The concentrations of TNF-α and IL-10 secreted by RAW264.7 cells at 24 and 72 h were assessed by ELISA. As shown in Figure 5, the concentration of TNF-α in Ti-5Cu was decreased compared with Ti, and the difference had statistically significance at 24 h (p < 0.05). However, Ti-5Cu alloy significantly promoted the IL-10 expression at 24 h (p < 0.05) and 72 h (p < 0.001).
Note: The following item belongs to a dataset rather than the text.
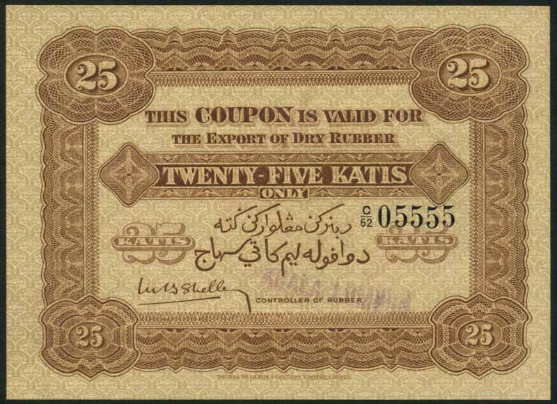 Rubber Export Coupons, British Malaya, 25 katis (2), ND (1928-1934), dark and pale brown, purple overstamp KUALA LUMPUR/ULU SELANGOR

3.5 Ti-5cu alloy increased the expressions of osteogenic cytokines in RAW264.7 cells

The gene and protein expressions of osteogenic cytokines secreted by RAW264.7 cells after co-cultured with Ti or Ti-5Cu alloy were measured by RT-qPCR and ELISA. As the results showed in Figure 6, Ti-5Cu alloy significantly promoted the OSM gene expressions at 24 h (p < 0.001) and 72 h (p < 0.05). The gene expressions of TGF-β and BMP6 also increased in Ti-5Cu alloy, but there was no statistically difference in TGF-β at both time points and BMP6 at 24 h. ELISA results showed that Ti-5Cu alloy significantly increased the protein expression of OSM at 24 and 72 h (p < 0.05), which were consistent with RT-qPCR results.

FIGURE 6

Figure 6 The gene and protein expressions of osteogenic cytokines in RAW264.7 cells after co-cultured with Ti and Ti-5Cu alloy at 24 and 72 h by RT-qPCR and ELISA (n = 3; *p < 0.05, ***p < 0.001).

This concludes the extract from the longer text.